# Exercise description
Starting at the line that contains "そして最後は水郷、柳川市の春" and stopping at the line that contains "for additional purchases.", restate each line of the records below exactly. Omit the pictures.

# Supplied entries
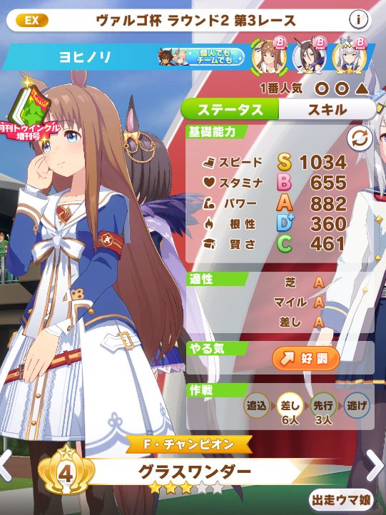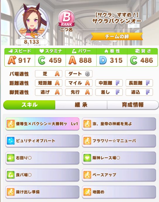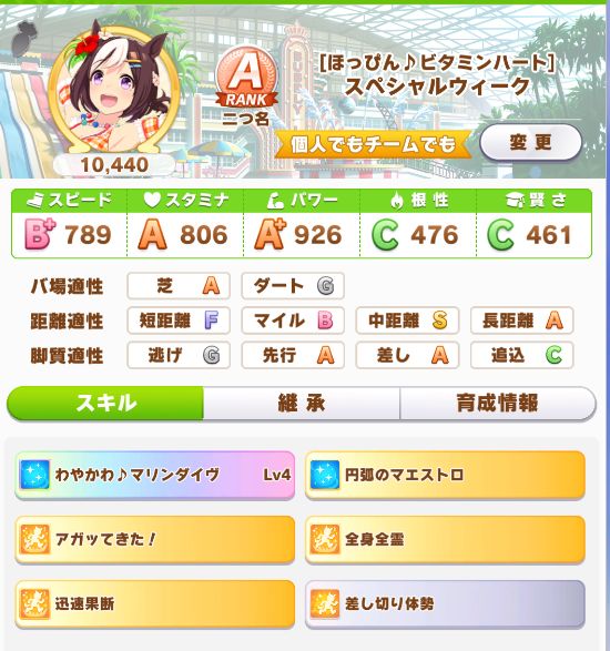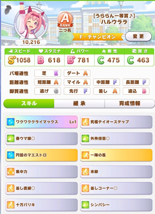 序盤でだいぶ躓いて、レースに多めに出す形に変更した為ステータスは下振れ
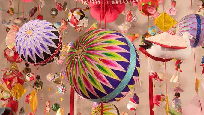 そして最後は水郷、柳川市の春の風物詩「さげもんめぐり」。さげもんは、女の子の健やかな成長を願い、着物の切れ端などで作った縁起物をひな人形と一緒に飾る柳川市の伝統的な風習で、江戸時代から続くとされています。会場の一つ、アンテナショップの柳川よかもん館では高さ約4メートルの巨大なさげもんを見ることが出来ます。
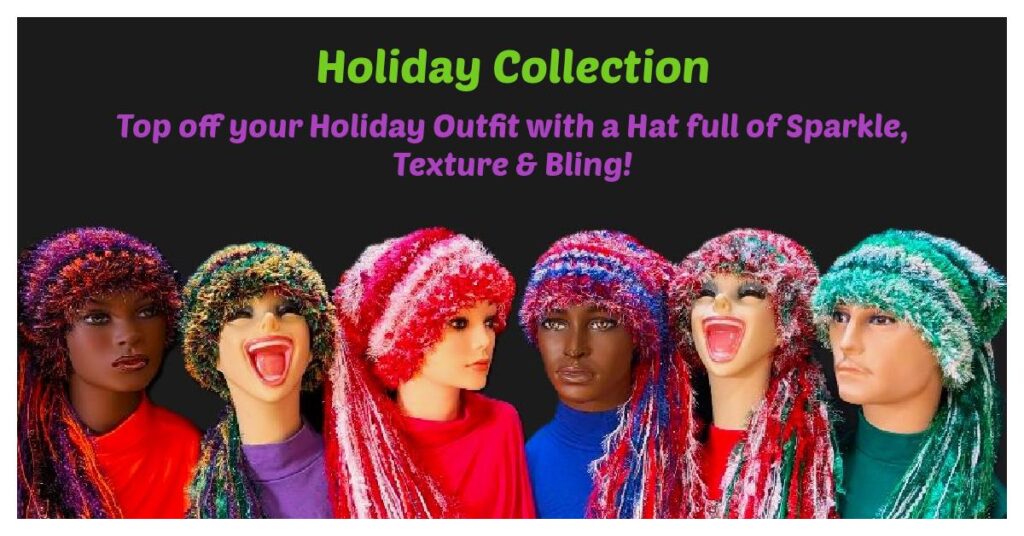 Christmas, Cinco de Mayo Custom Handmade Hat for Parties, Parades, Holiday Events – Crocheted with Sparkle, Bling, Fringe & Fur in Red/White/Green.
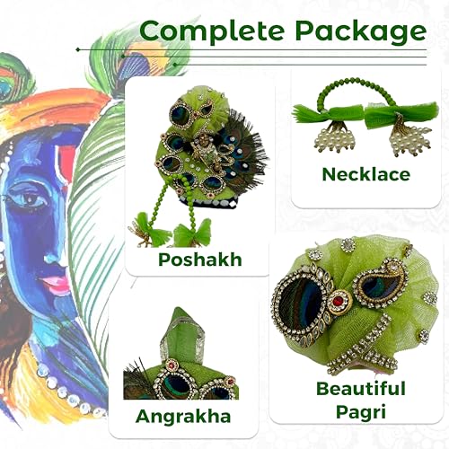 • Complete Dress Set: The outfit includes one designer dress, mukut (crown), mor pankh (peacock feather), necklace, and accessories. It ensures a complete and divine look for your Krishna Ji idol without the need for additional purchases.
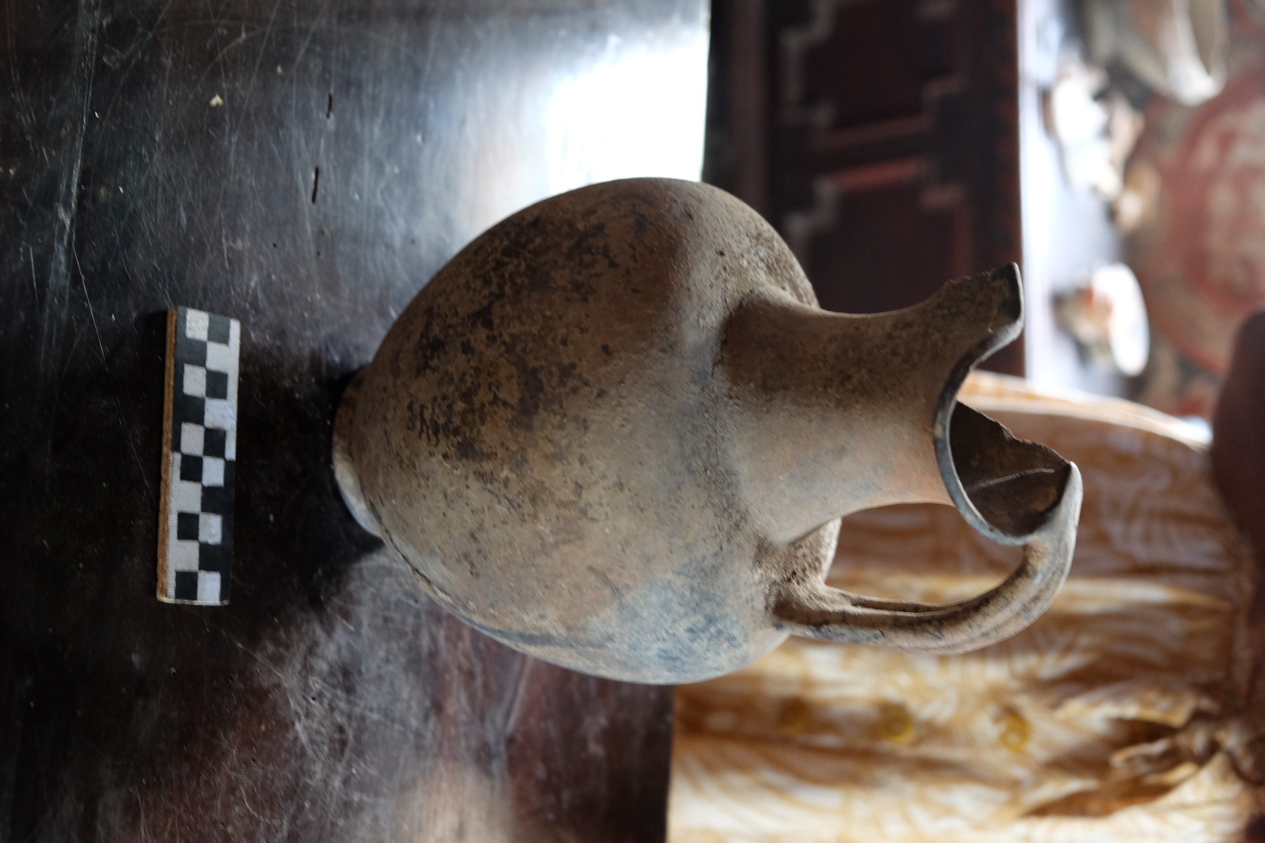 Oinochoe a bocca trilobata con collo troncoconico, ansa verticale costolata, spalla espansa, ventre rastremato e basso piede ad anello, in impasto bruno nerastro. Mancante di parte dell'orlo e del piede

# Task result
 そして最後は水郷、柳川市の春の風物詩「さげもんめぐり」。さげもんは、女の子の健やかな成長を願い、着物の切れ端などで作った縁起物をひな人形と一緒に飾る柳川市の伝統的な風習で、江戸時代から続くとされています。会場の一つ、アンテナショップの柳川よかもん館では高さ約4メートルの巨大なさげもんを見ることが出来ます。
 Christmas, Cinco de Mayo Custom Handmade Hat for Parties, Parades, Holiday Events – Crocheted with Sparkle, Bling, Fringe & Fur in Red/White/Green.
 • Complete Dress Set: The outfit includes one designer dress, mukut (crown), mor pankh (peacock feather), necklace, and accessories. It ensures a complete and divine look for your Krishna Ji idol without the need for additional purchases.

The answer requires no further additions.